In the closing of 2022, excitement was high with the introduction of OpenAI's ChatGPT-3.5, a large language model (LLM) that piqued the interest of many, including the scientific community. Language has long been considered the key to human supremacy over ecosystems. Our ability to formulate ideas, share them, and collectively act on shared beliefs has allowed us to create complex societies and technologies (Yuval Noah Harari). Large language models’ abilities to generate and “understand” language are astounding, leading us to ponder on the extent of their abilities and limitations.
The clinical decision-making process undertaken at tumor boards presents one of the most formidable challenges in healthcare. A typical board consists of a diverse group of experts, including oncologists, surgeons, radiologists, and pathologists, who come together to review and discuss complex clinical cases. These meetings involve an in-depth exploration of patients' medical histories, diagnostic results, and an evaluation of potential treatment plans. We wondered whether ChatGPT could rise to the challenge in this complex decision-making task.
In our recent study1, we evaluated the performance of ChatGPT-3.5 on consecutive clinical cases presented at our institutional breast tumor board. The chatbot was tasked with summarizing the patient’s condition, making a recommendation, and explaining its reasoning (Figure 1).
Remarkably, in 70% (7/10) of the cases, the chatbot's recommendations aligned with the decisions made by the human professionals on the tumor board. Moreover, it summarized complex clinical scenarios and provided detailed explanations for its conclusions. We had two radiologists grade ChatGPT’s performance across these three tasks, from 1 to 5. The grades provided by the first reviewer were 3.7, 4.3, and 4.6 for summarization, recommendation and explanation respectively, while the second reviewer’s mean grades were 4.3, 4.0, and 4.3, respectively.
While this study showcased some of the potential of ChatGPT-3.5, it also highlighted the technology’s limitations. Notably, the chatbot consistently overlooked the necessity for radiology consultation, even though radiologists play an important role in cancer diagnosis and treatment planning. Furthermore, in one instance, the AI neglected to include crucial HER2 FISH results. Mistakes of this sort could lead to significant missteps in treatment planning.
The possibility of LLMs generating incorrect or misleading information highlights the need for supervision and careful validation of these models’ outputs. This is even more critical in healthcare, where incorrect information could have grave implications on patient safety. There are also other limitations that have to be considered. These models, trained on vast datasets, might inherently carry biases present in the data they were trained on, potentially exacerbating healthcare disparities3.

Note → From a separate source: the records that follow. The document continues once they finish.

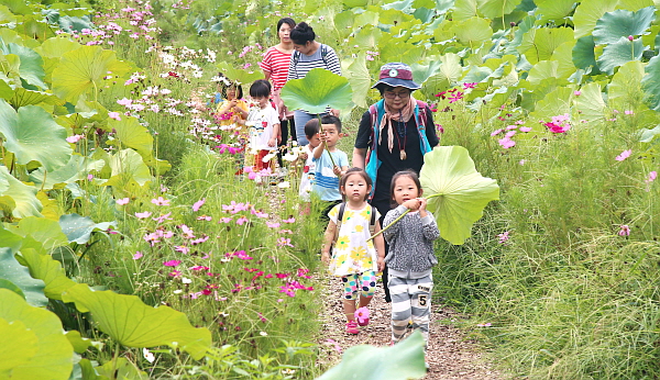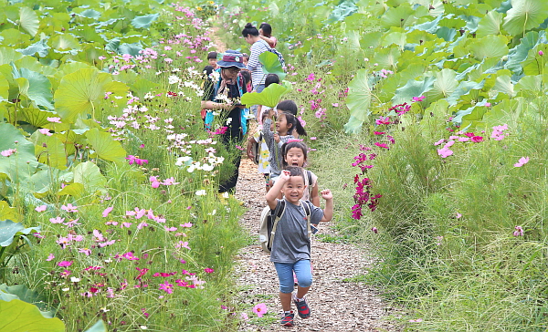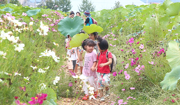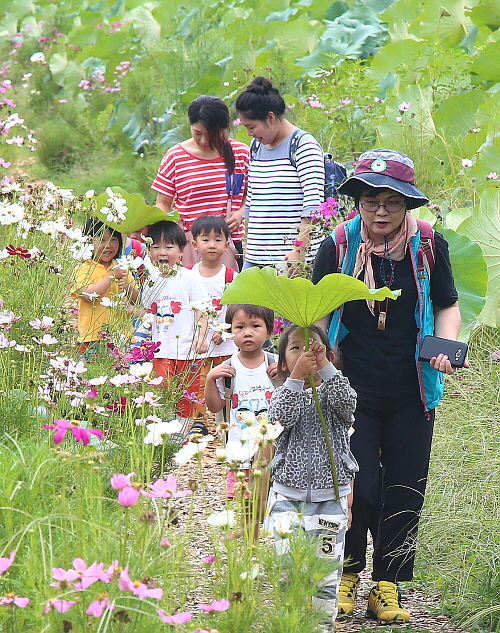 ¸·¹ÙÁö Æø¿°ÀÌ ±â½ÂÀ» ºÎ¸®´Â 24ÀÏ °æ³² ÇԾ籺 »ó¸²¿¬²É´ÜÁö¿¡ ³ªµéÀÌ ³ª¿Â ¾î¸°À̵éÀÌ ¿¬ÀÙ ¿ì»êÀ» ¹ÞÃÄ µé°í ÄÚ½º¸ð½º±æÀ» °È°í ÀÖ´Ù.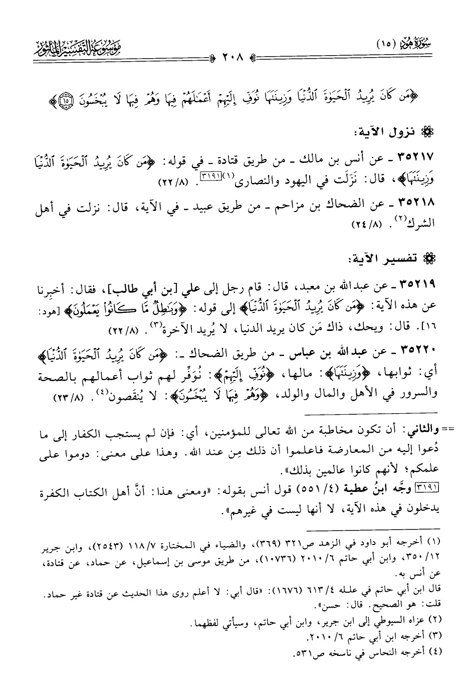 ٣٥٢٢٠ - عن عبد الله بن عباس -من طريق الضحاك-: {من كان يريد الحياة الدنيا} أي: ثوابها، {وزينتها}: مالها، {نُوَفِّ إليهم}: نُوَفِّر لهم ثواب أعمالهم بالصحة والسرور في الأهل والمال والولد، {وهم فيها لا يبخسون}: لا يُنقَصون (¬٤). (٨/ ٢٣)
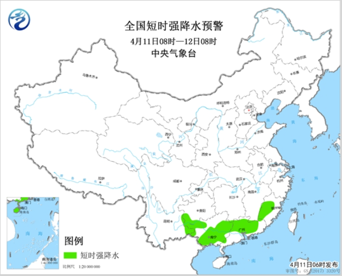 預(yù)計(jì)4月11日08時(shí)至12日08時(shí),貴州西南部、福建西南部、廣西西部和東部、廣東西北部等地的局地將有8-10級雷暴大風(fēng)或冰雹天氣;此外,貴州西南部、福建西部、廣西大部、廣東中北部等地的部分地區(qū)將有短時(shí)強(qiáng)降水天氣,小時(shí)雨強(qiáng)20-40毫米,局地可達(dá)50毫米以上。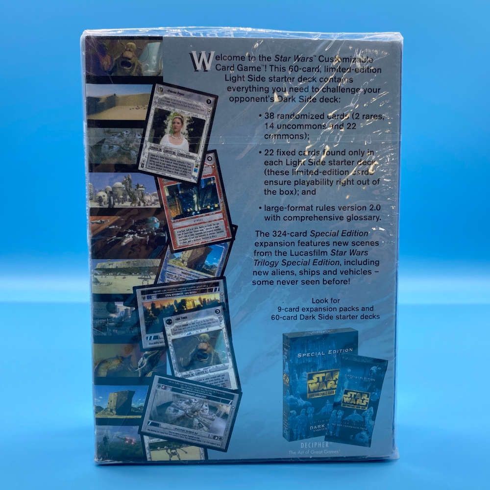 This officially licensed Star Wars Customizable Card Game Light Side Starter Deck was released by Decipher in 1998. The deck includes 60 playing cards designed for the Light Side faction, alongside a rulebook version 2.0 and a glossary for gameplay reference. Featuring characters and scenes from the Star Wars universe, this starter deck is intended for both new players and collectors. It carries the trademarks and copyrights of Lucasfilm.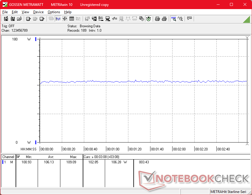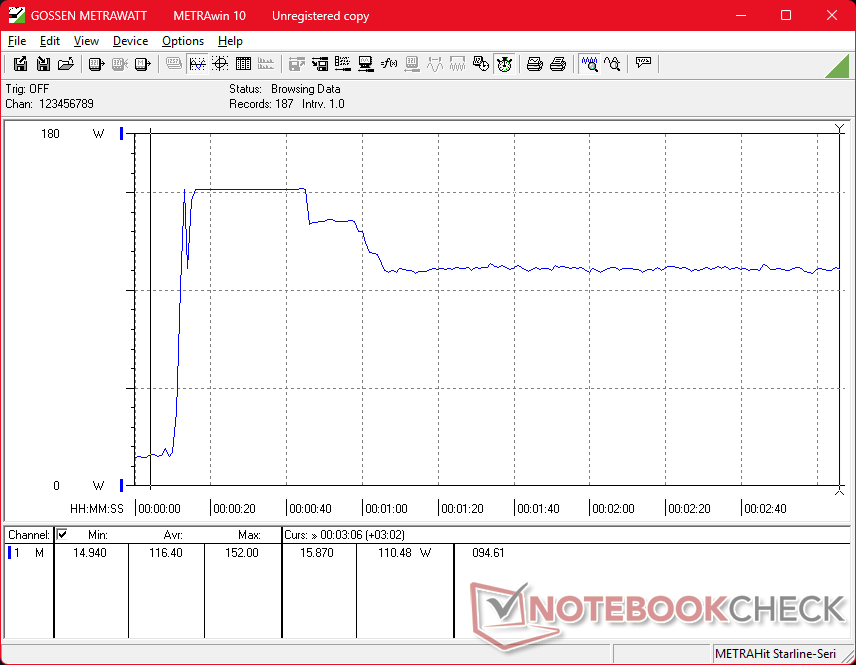 当 CPU 和 GPU 处于满负荷工作状态时,我们可以测量到小巧(约 13.8 x 6.5 x 2.2 厘米)的 150 瓦交流适配器的临时最大功耗为 153 瓦。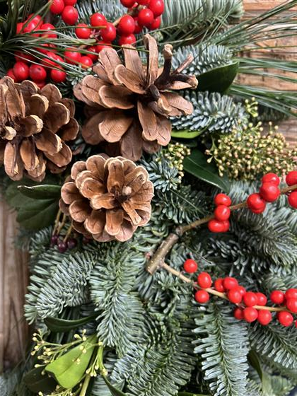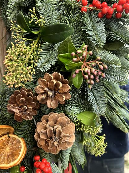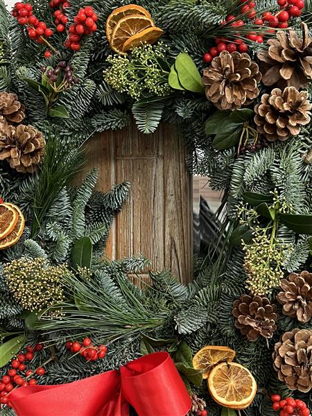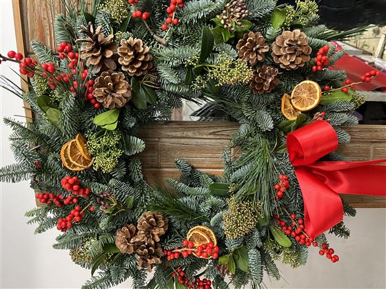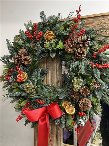 This stunning door wreath is 16 inches across and is made with Red Ilex Berry, Dried Oranges, Red Ribbon bow and beautiful Green Skimmia Berries. At SW Blooms we recommend this wreath as its made on a plastic backed wreath frame that can be refreshed with water regularly to keep tit fresh and then you can include flowers on Christmas week.
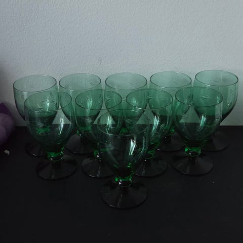 5 vinglas på knap 12 cm og 4 vandglas/ølglas på knap 12 cm fra Holmegaard. Modellen hedder Ranke.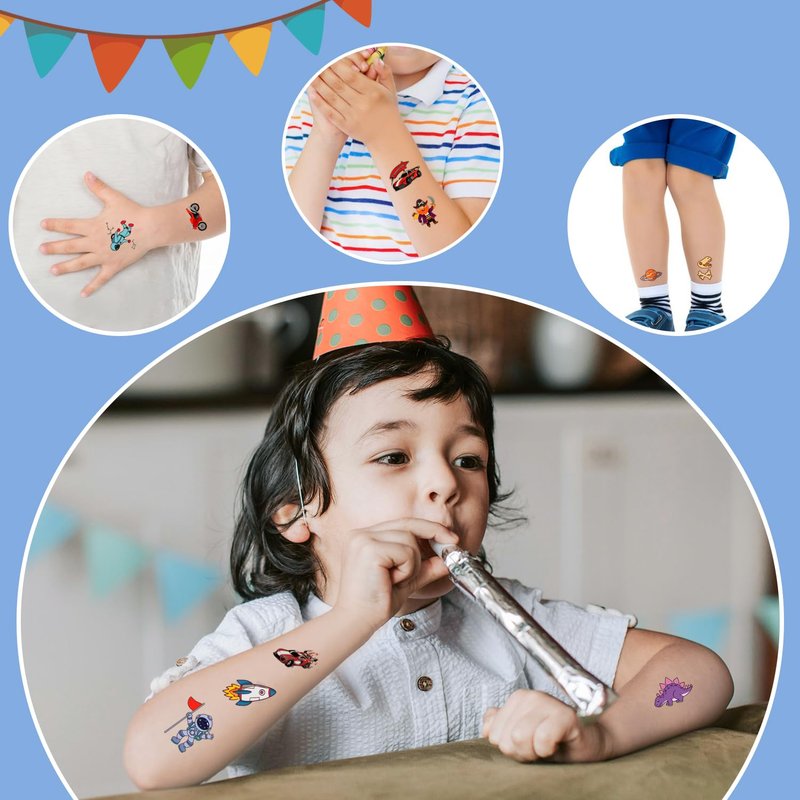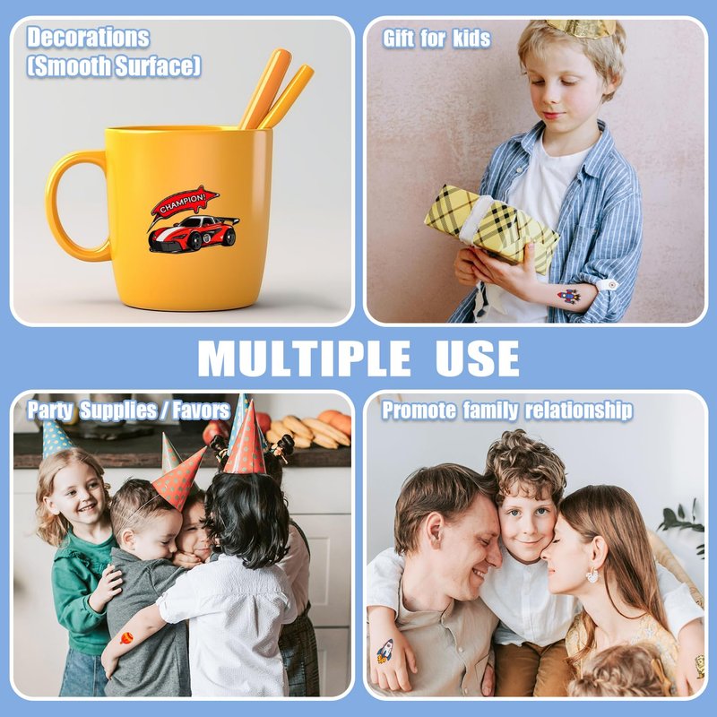 - 【Creative Birthday Party Favors】These tattoos stickers are suitable for boys party supplies, party favors, party decorations, birthday, games, goodie bag stuffers, etc. You can also apply them to some smooth objects, such as glass, tile, water bottle, stainless steel, plastic, etc.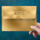 Elegant all-purpose occasion envelope done in gold graphics, with a semi transparent text area, on the front, decorated with a 3D looking gold floral piece. Inside the envelope there is graphics of a solid gold lining. Personalise the return address to suit your needs. Great for special occasion invites, thank you cards and announcements.
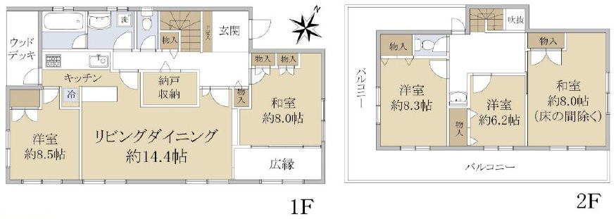 ◆建物面積約52.45坪の5LDK+納戸で2階の3面にバルコニーあり

Another significant concern is data security and privacy. Incorporating patient data into these models calls for robust data protection measures. The risk of adversarial cyber-attacks, where malicious parties manipulate data to produce harmful outcomes, is another significant concern that underlines the importance of adequate cybersecurity measures4. Finally, the question of legal responsibility and liability in cases where AI-driven decisions lead to negative outcomes warrant careful consideration, specifically in healthcare.
Meanwhile, OpenAI launched ChatGPT-4, an even larger and more advanced model. Intrigued, we put this newer version to the test. The results were even more promising. In our preliminary evaluation, ChatGPT-4’s recommendations aligned with our tumor board in 9 out of 10 cases.
Despite the remarkable performance of LLMs, it is crucial to maintain a balanced perspective, being aware of the technology’s limitations and capabilities, and to implement it carefully2. Our study was a mere proof-of-concept. More extensive research is warranted to fully comprehend the potential and shortcomings of the technology.
As the integration of AI into healthcare accelerates, it becomes increasingly important for clinicians to understand the benefits and drawbacks of such technology5. This is an exciting era, where we find ourselves at the intersection of AI and healthcare, navigating the delicate balance of integrating AI capabilities in healthcare, while ensuring patients’ safety.
- Sorin V, Klang E, Sklair-Levy M, et al. Large language model (ChatGPT) as a support tool for breast tumor board. npj Breast Cancer 2023;9.
- Sorin V, Barash Y, Konen E, Klang E. Large language models for oncological applications. Journal of Cancer Research and Clinical Oncology 2023.
- Sorin V, Klang E. Artificial Intelligence and Health Care Disparities in Radiology. Radiology 2021;301:E443-E.
- Finlayson SG, Bowers JD, Ito J, Zittrain JL, Beam AL, Kohane IS. Adversarial attacks on medical machine learning. Science 2019;363:1287-9.
- Rajpurkar P, Drazen JM, Kohane IS, Leong T-Y, Lungren MP. The Current and Future State of AI Interpretation of Medical Images. New England Journal of Medicine 2023;388:1981-90.